The exposure to different temperatures alters the crack pattern of the different groups of coupons at failure. Moreover, at 300 °C, all types of specimens failed due to slippage of the fibers from the matrix.
In general, carbon and glass fibers are more resilient when exposed to a heated environment.
The grids’ architecture plays a significant role in overall performance, since the stitched-bond type deteriorates faster than the thermofixed type, affecting the bond between the mortar and the grid.
Future experimental projects are needed to investigate the interaction between different matrices, coating agents, and fiber grids—especially the ‘interlocking mechanism’ between the coated fibers and the surrounding mortars. Another aspect that needs additional examination is the prestress effect introduced by the glass fiber contraction.

Author Contributions

P.Y. and T.K. were responsible for the methodology, data curation, formal analysis, and writing of draft, review, and editing. Moreover, T.K. also administrated and supervised this project. All authors have read and agreed to the published version of the manuscript.

Funding

This research received no external funding.
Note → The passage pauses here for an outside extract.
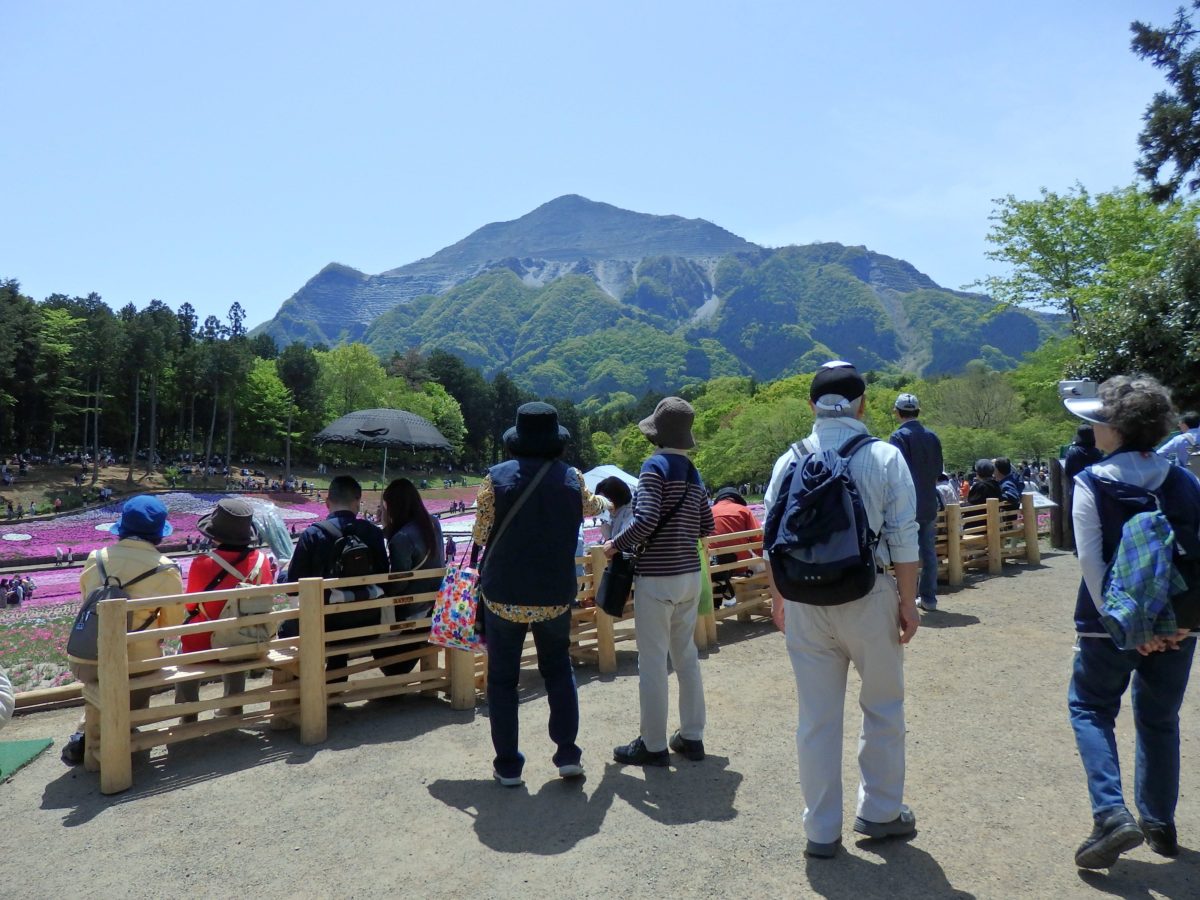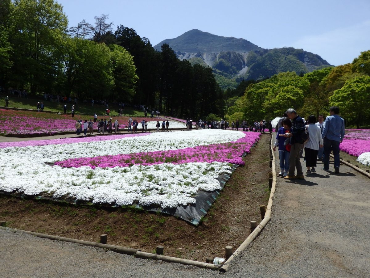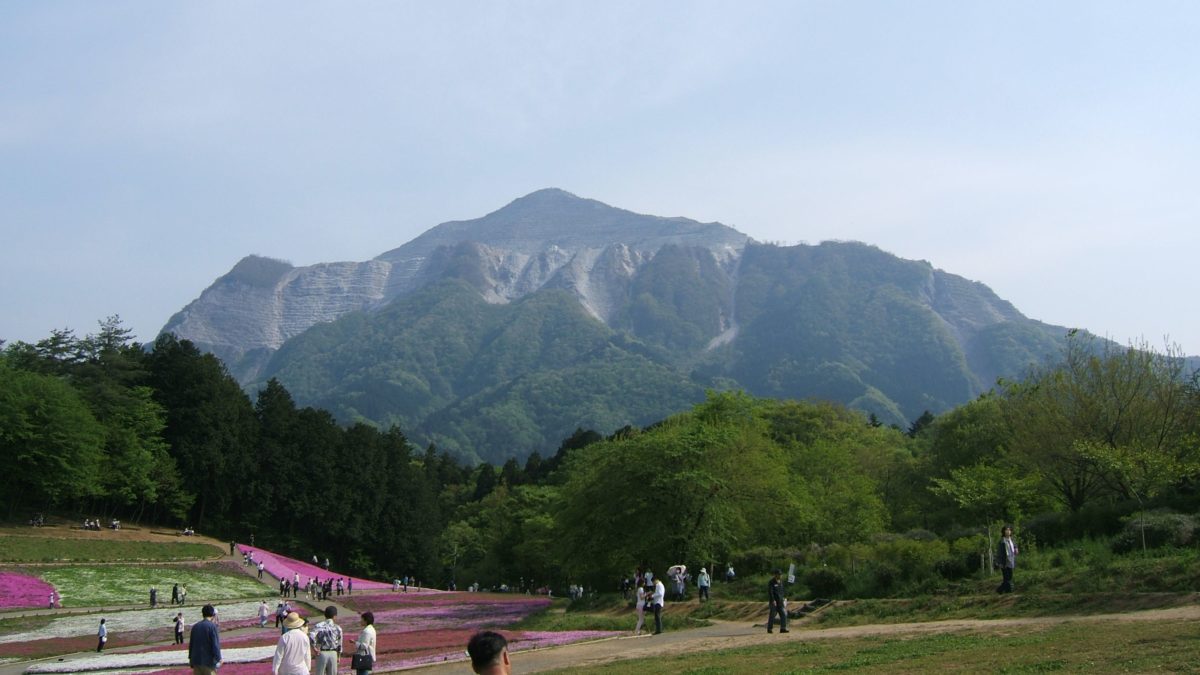 芝桜の丘の地表を覆う芝桜越しには、今でも石灰岩の採掘が行われている武甲山が威容を見せてくれます。

Data Availability Statement

All data, models, and code generated or used during the study appear in the submitted article.

Acknowledgments

The experimental program was funded partially from the SURF Project and the RDF 16-02-30 from Xi’an Jiatong Liverpool University.

Conflicts of Interest

The authors declare no conflict of interest.

Nomenclature

The following symbols are used in this paper:
A n cross-sectional area of the yarns
n number of yarns
E 1 elastic modulus of specimen in uncracked phase
E 2 elastic modulus of TRM specimen in postcracked phase
f c , m compressive strength of mortar prisms
f c t m mean tensile strength of mortar prisms
f u , m flexural strength of mortar prisms
T o extrapolated onset temperature
σ 1 tensile stress of the TRM specimen at the first cracking point
σ 1 , m tensile cracking stress of the TRM matrix
σ u ultimate tensile strength of TRM specimen
ε 1 strain value of TRM specimen at the first cracking point
ε u strain value of TRM specimen at the ultimate tensile stress

Appendix A

The TGA analysis curves for the mortar and the three different fiber grids up to 1300 °C are presented in Figure A1 and Figure A2, respectively. The first point of interest is the onset temperature, which according to ASTM E2550 [62], is the ‘point in the TGA curve where a deflection is first observed from the established baseline prior to the thermal event.’ The temperature at which the weight loss begins is the extrapolated onset temperature. According to CSN EN ISO 11358-1 [63], the specific temperature can be defined as the point of intersection between the horizontal line that passes through the initial mass baseline before heating and the tangent to the mass TGA curve passing through the point of the maximum gradient. For the identification of the mass loss steps, the first derivative of the TG curve is used; the corresponding temperature is called the inflation point. The differential thermal analysis (DTA) curve gives information on potential transformations like glass transition temperatures or melting. The extrapolated onset temperature for the mortar was 80 °C, and the first mass loss step occurred at 125 °C; the second step occurred above 300 °C and therefore was out of the range of the present study. The respective extrapolated onset values for the basalt, carbon, and glass fibers were 275 °C and 365 °C, while the inflation points were 360 °C and 400 °C.
Figure A1. TGA analysis for the mortar (up to 1300 °C).
Figure A1. TGA analysis for the mortar (up to 1300 °C).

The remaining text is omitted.